Plaintiff (Counterclaim Defendant), Appellee

Plaintiff (Law Firm National, Attorneys Kim Ho-sung et al., Counsel for plaintiff-appellant)

Defendant (Counterclaim Plaintiff)-Appellant

Defendant Co., Ltd. (Law Firm Dakel, Attorneys Choi Ji-dam et al., Counsel for the defendant-appellant)

Judgment of the lower court

Seoul High Court Decision 2008Na15225, 15232 Decided November 27, 2008

Text

The part of the lower judgment against the Defendant (Counterclaim Plaintiff) is reversed, and that part of the case is remanded to the Seoul High Court.

Reasons

The grounds of appeal are examined (to the extent of supplement in case of supplemental appellate briefs not timely filed).
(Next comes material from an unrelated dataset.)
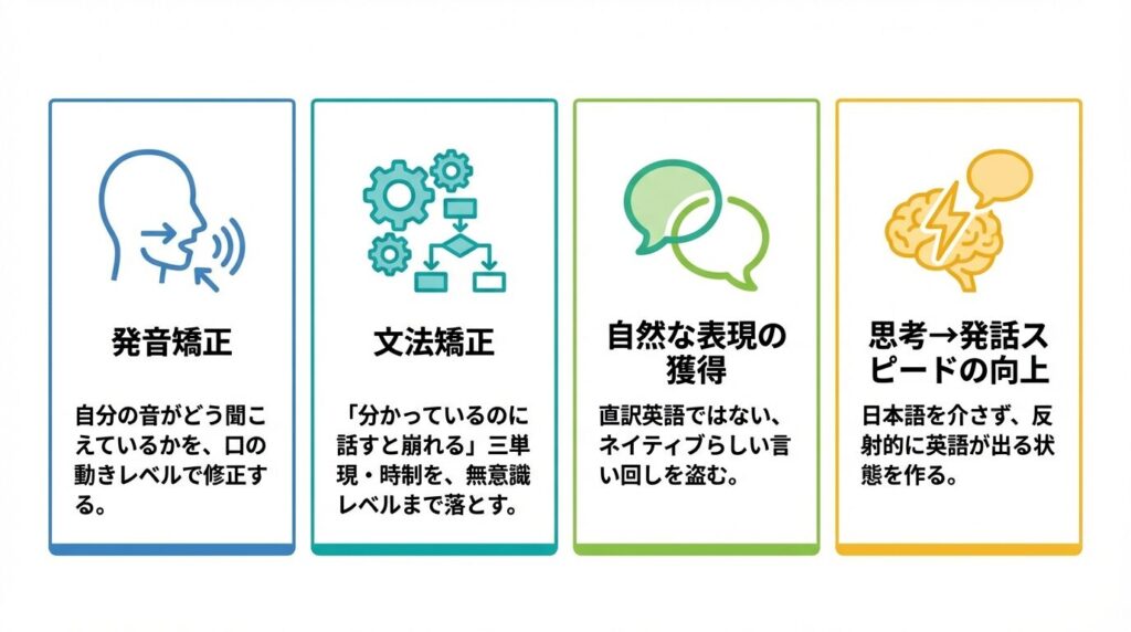 でも、あなたが目指しているのが「通じればいい英語」ではなく、「相手の懐に飛び込める、洗練された英語」なら、ネイティブ講師による「矯正」は避けて通れません。

1. Regarding ground of appeal No. 1

Without being asserted in the lower court, the new argument that was raised in the final appeal cannot be a legitimate ground of appeal against the lower judgment (see, e.g., Supreme Court Decision 2001Da63575, Jan. 25, 2002). According to the records, the Defendant (Counterclaim Plaintiff; hereinafter “Defendant”) only asserted by the Plaintiff (Counterclaim Defendant; hereinafter “Plaintiff”) on the premise that the instant contract is a contract aimed at transferring electrical construction business licenses, etc. by means of a merger and merger until the closing of argument in the lower court, and it can be known that the instant contract was not a business transfer contract. Accordingly, this part of the grounds of appeal cannot be a legitimate ground of appeal.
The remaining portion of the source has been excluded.